Let's say we have a matrix, A, that has the following values:
In [2]: A
Out[2]:
array([[1, 1, 3],
[1, 1, 5],
[1, 1, 7],
[1, 2, 3],
[1, 2, 9],
[2, 1, 5],
[2, 2, 1],
[2, 2, 8],
[2, 2, 3]])
is there a way to apply a function, e.g., np.mean
, row-wise for values of the third column where first and the second column are equal, i.e, to get matrix B:
In [4]: B
Out[4]:
array([[1, 1, 5],
[1, 2, 6],
[2, 1, 5],
[2, 2, 4]])
My actual use case is much more complex. I have a large matrix with ~1M rows and 4 columns. The first three columns correspond to (x, y, z) coordinate of a point in a point-cloud and the forth column is a value of some function f where f = f(x, y, z). I have to perform integration along x-axis (the first column in a matrix) for all (y, z) pairs that are equal. I have to end up with a matrix with some number of rows which corresponds to the number of unique (y, z) pairs and three columns: y-axis, z-axis, and the value that is obtained from integration. I have a few ideas but all those ideas include multiple for-loops and potential memory issues.

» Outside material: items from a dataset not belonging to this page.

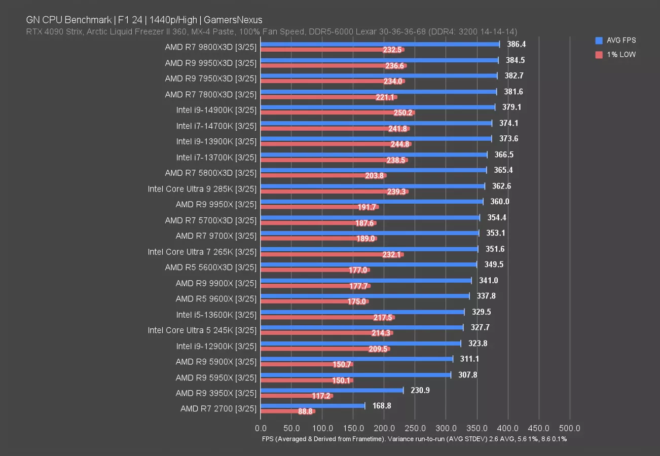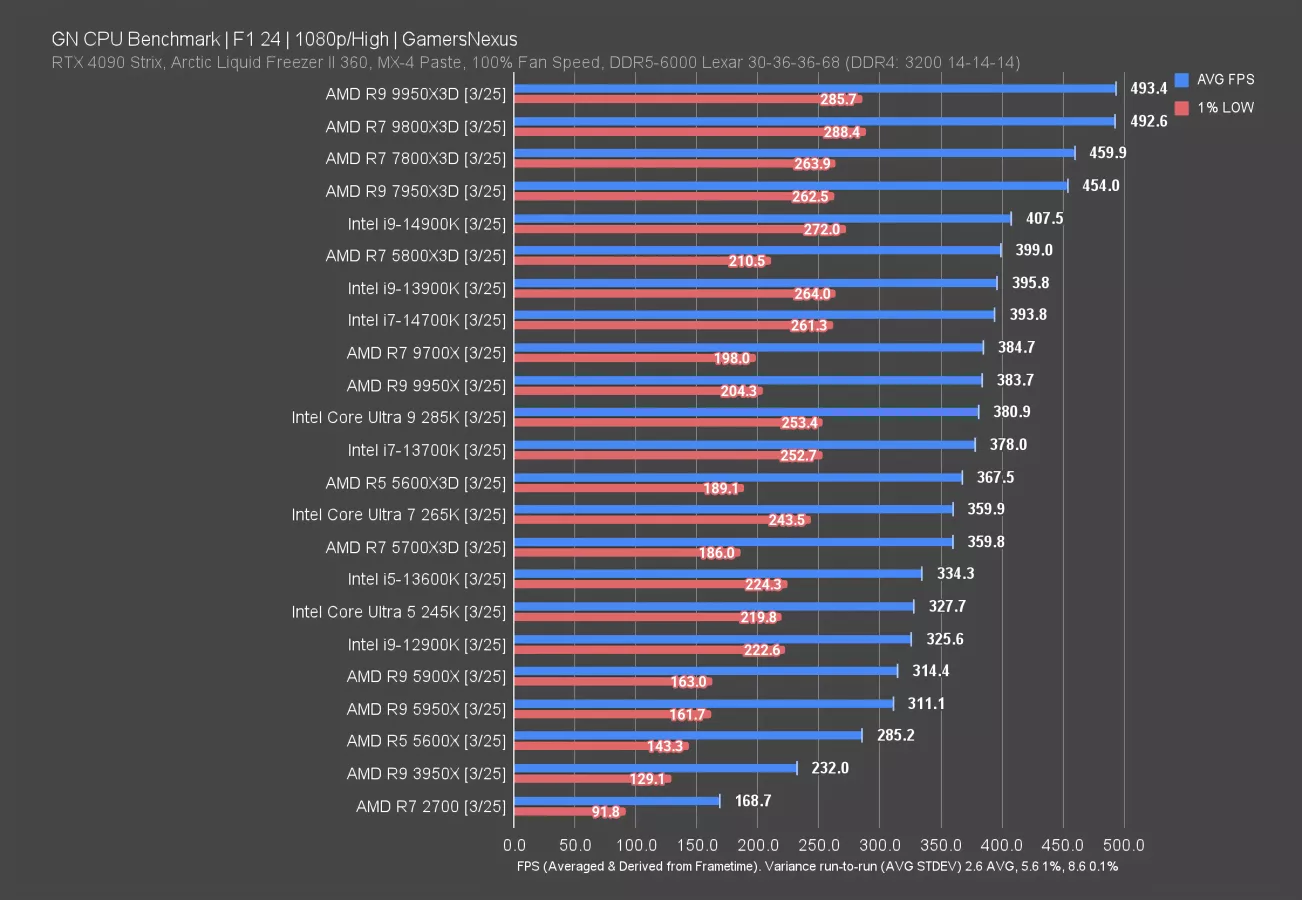 The 9950X3D bests its 9950X non-3D variant by 50 FPS or so, or 16% here in average framerate. The 1% lows are also significantly improved, indicating that frametime pacing is keeping up with improvements in the average framerate.
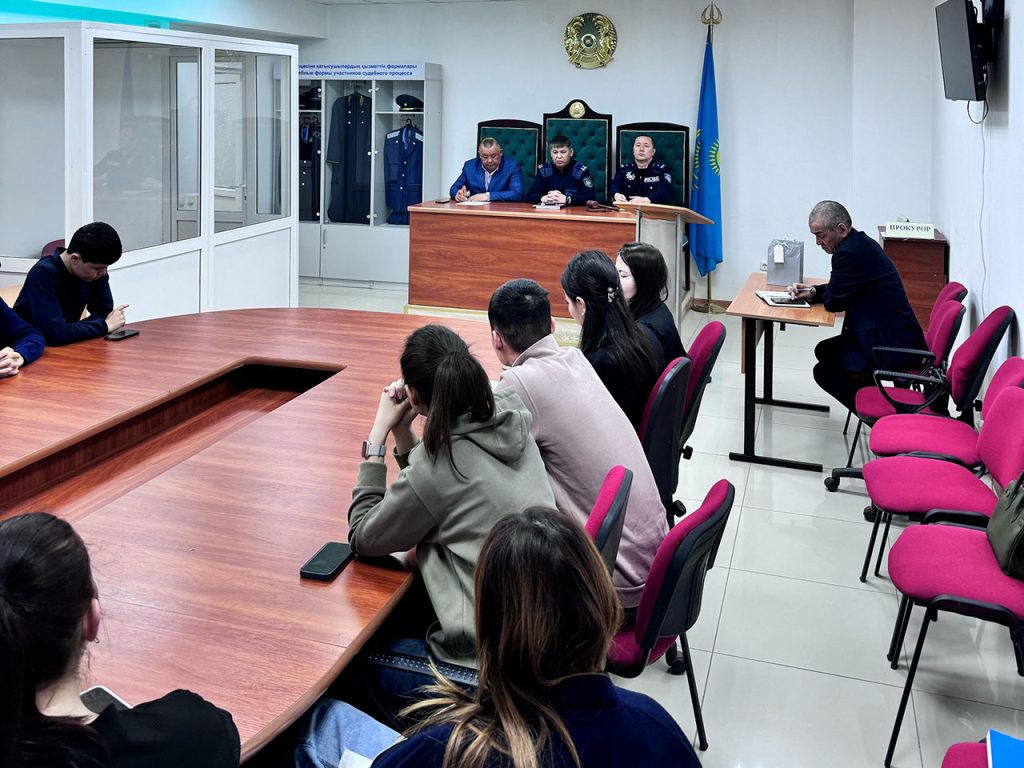 Полиция офицерлері өз сөздерінде білім алушыларға құқық бұзушылықтардың жай-күйі туралы, оның ішінде қызмет көрсетілетін аумақ бойынша кәмелетке толмағандар арасындағы нақты мысалдар келтіре отырып және олардың алдын алу бойынша қабылдап жатырған шаралар туралы егжей-тегжейлі айтып берді. ҚР-ның Әкімшілік құқық бұзушылық және қылмыстық заңнамасында күшіне енген өзгерістер мен толықтырулар туралы және әйелдерге, кәмелетке толмағандарға және отбасылық-тұрмыстық құқық бұзушылықтарға қатысты құқық бұзушылықтар үшін жауапкершілікті күшейту бөлігінде тәжірибеде қолданудың маңызына тоқталды.
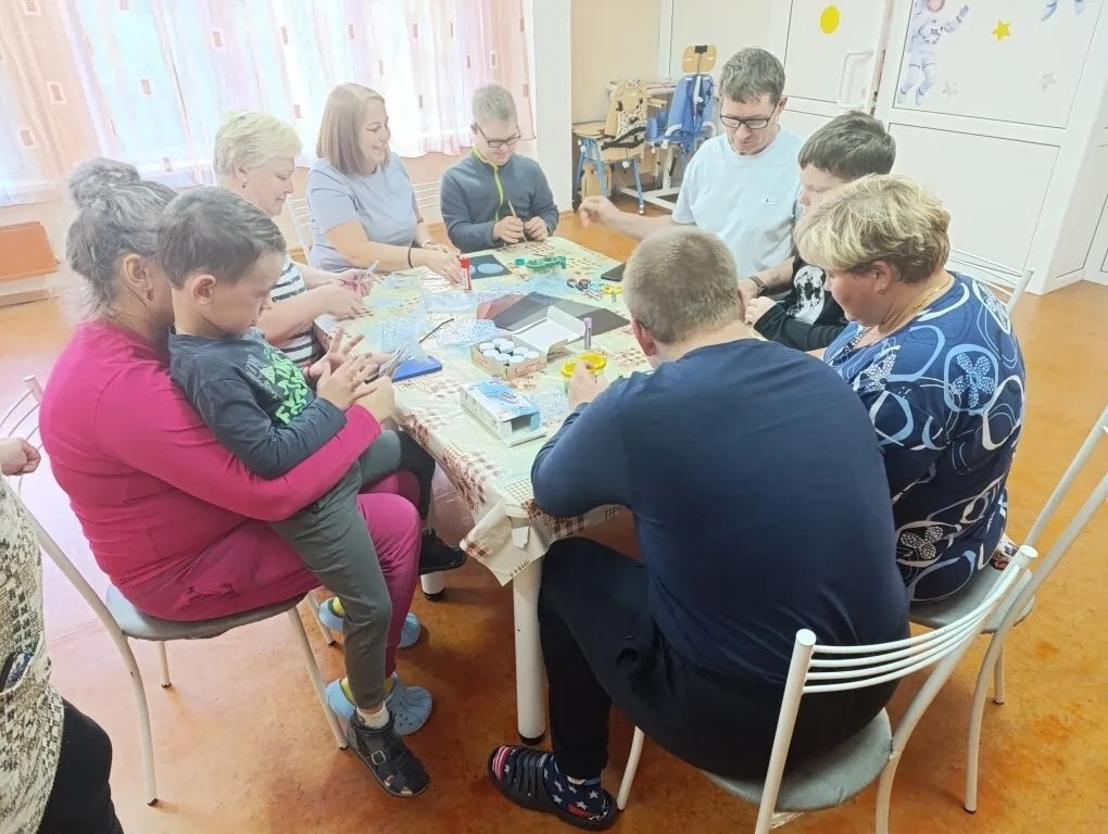 Пока полным ходом идет оформление нового кабинета, сотрудники семейной мастерской «Кудесница» не сидят без дела. Заезд в стационарное отделение выдался очень активным, творческим и душевным. Работали с удовольствием: в семейной мастерской для ребят и родителей прошли увлекательные мастер-классы, участники с радостью погрузились в мир искусства, где каждый смог почувствовать себя настоящим мастером.
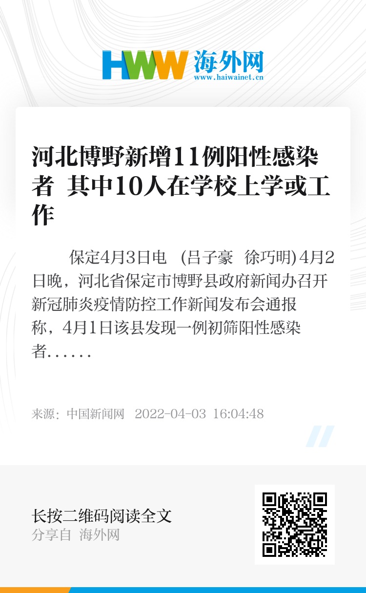 中新网保定4月3日电 (吕子豪 徐巧明)4月2日晚,河北省保定市博野县政府新闻办召开新冠肺炎疫情防控工作新闻发布会通报称,4月1日该县发现一例初筛阳性感染者,截至4月2日,共发现11例阳性感染者。目前,追踪到的密切接触者、次密切接触者已全部落实集中隔离医学观察措施。
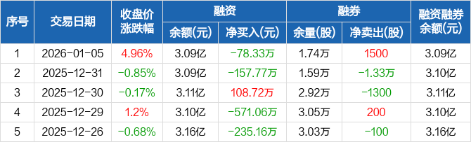 海利得:融资净偿还78.33万元,融资余额3.09亿元(01-05)
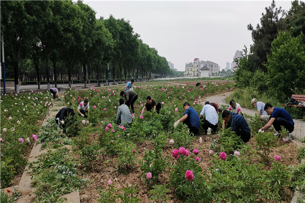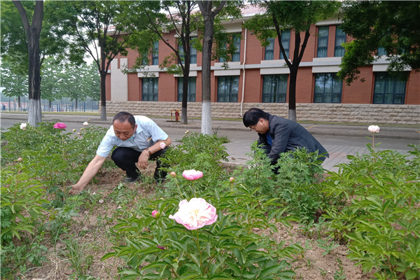 主题党日活动,组织全体党员清理拔除南校区花草圃芍药园的杂物杂草。
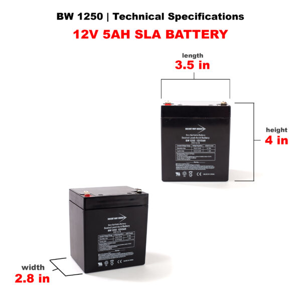 Bright Way BW Series BW 1250 F1 12 Volt / 5.0 Ah @20 Hr with F1 (0.187″) Terminals
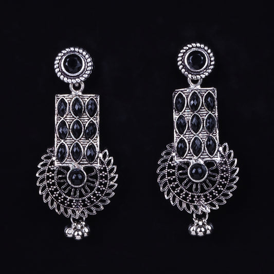 Mystic Chakra stone studded dangler earring (Black)
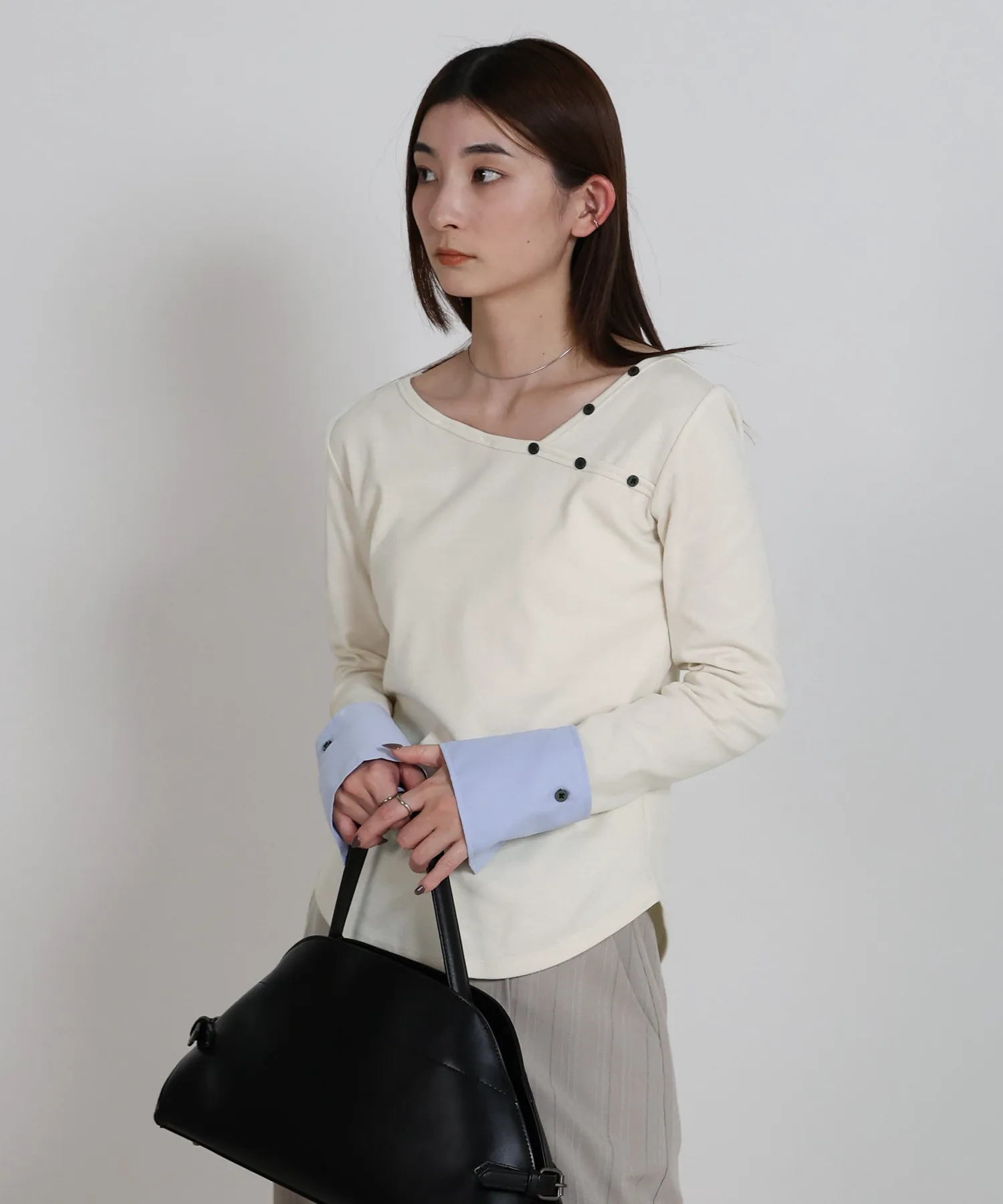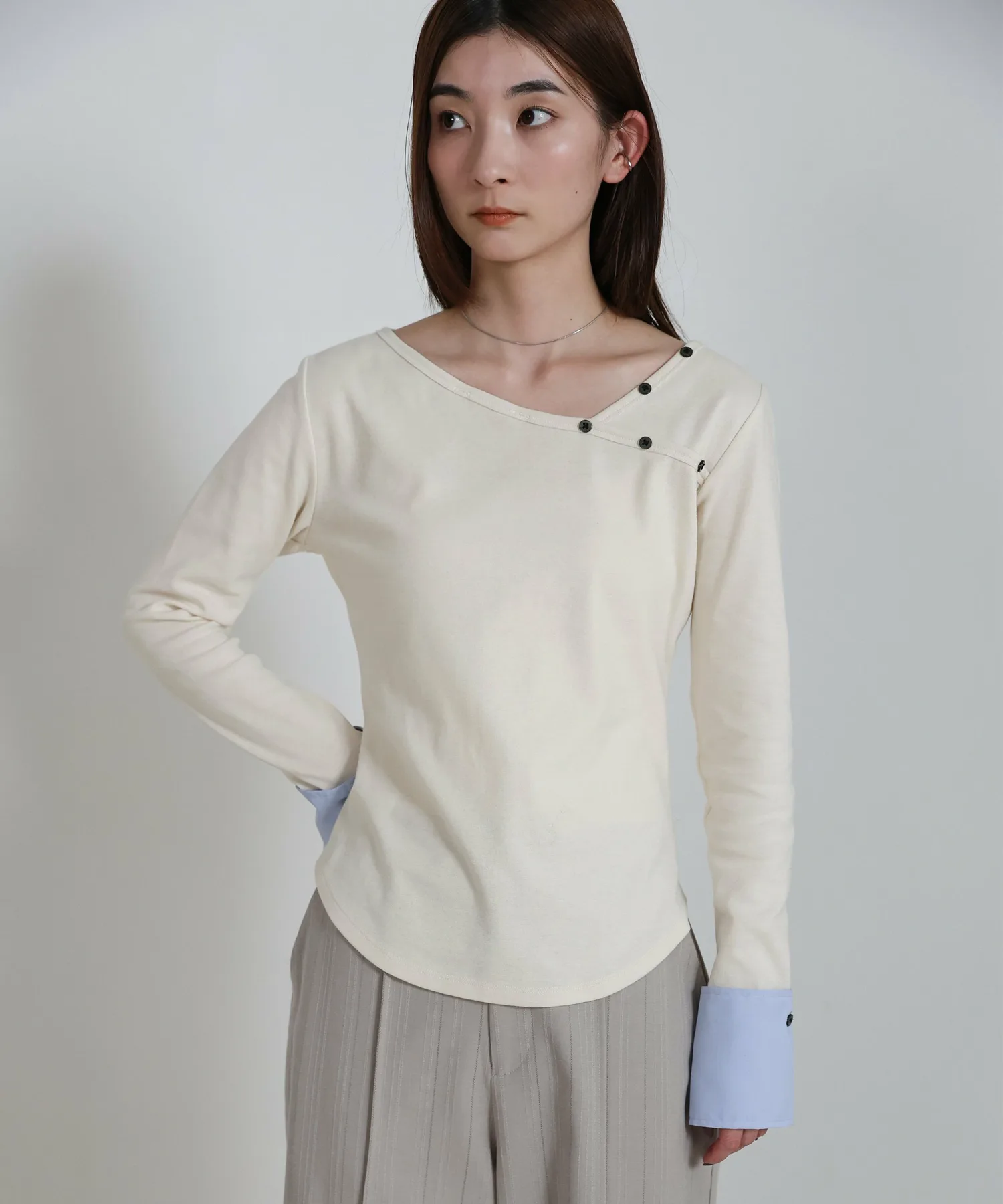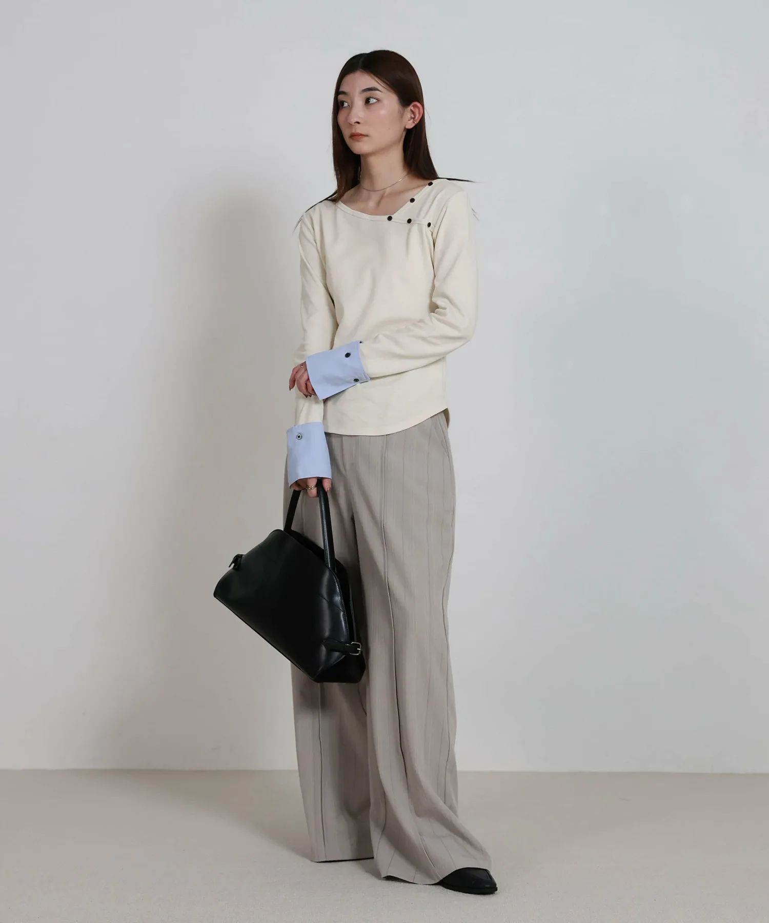 Этот топ имеет декоративную вставку, которая ненавязчиво подчеркивает рукава. Она создает иллюзию многослойности, добавляя изысканности любому образу. Манжеты застегиваются на пуговицы, которые можно снять для более индивидуального стиля. Каждая деталь тщательно проработана, чтобы вы могли менять свой стиль в зависимости от настроения. Компактный силуэт рекомендуется сочетать с широкими брюками или длинной юбкой. Изображения товара являются образцом, поэтому характеристики, отделка и размер фактического изделия могут немного отличаться от показанных. Благодарим за понимание. В связи с производственными причинами возможны задержки доставки или снятие с производства. Сроки доставки могут варьироваться в зависимости от продавца. Цвета могут выглядеть по-разному в зависимости от настроек вашего монитора, а также производителя и модели вашего мобильного телефона. В связи с производственным процессом возможны незначительные вариации цвета и размера. Благодарим за понимание.

Is there any way to perform this in a vectorized fashion?
CodePudding user response:
you can use pandas
, if you have a lot of data :
import pandas as pd
df = pd.DataFrame(A, columns = ['id1','id2' ,'value'])
B = df.groupby(['id1','id2'])['value'].mean().reset_index().to_numpy()
output:
>>
[[1. 1. 5.]
[1. 2. 6.]
[2. 1. 5.]
[2. 2. 4.]]
I assume this is being the fastest way
CodePudding user response:
A possible solution:
import numpy as np
A = np.array([[1, 1, 3],
[1, 1, 5],
[1, 1, 7],
[1, 2, 3],
[1, 2, 9],
[2, 1, 5],
[2, 2, 1],
[2, 2, 8],
[2, 2, 3]])
uniquePairs = np.unique(A[:,:2], axis=0)
output = np.ndarray((uniquePairs.shape[0], A.shape[1]))
for iPair, pair in enumerate(uniquePairs):
output[iPair,:2] = pair
output[iPair,2] = np.mean( A[np.logical_and(A[:,0]==pair[0], A[:,1]==pair[1]),2] )
print(output)
The output is
[[1. 1. 5.]
[1. 2. 6.]
[2. 1. 5.]
[2. 2. 4.]]
There is also a more compact variation, but perhaps with less readability:
uniquePairs = np.unique(A[:,:2], axis=0)
output = np.array([[*pair, np.mean(A[np.logical_and(A[:,0]==pair[0], A[:,1]==pair[1]),2])] for iPair, pair in enumerate(uniquePairs)])
CodePudding user response:
import numpy as np
A = np.array(
[
[1, 1, 3],
[1, 1, 5],
[1, 1, 7],
[1, 2, 3],
[1, 2, 9],
[2, 1, 5],
[2, 2, 1],
[2, 2, 8],
[2, 2, 3],
]
)
result = np.mean(A[:, 2], where=A[:, 0] == A[:, 1])
This might be what you're looking for. You can use A[:, n]
to access a column.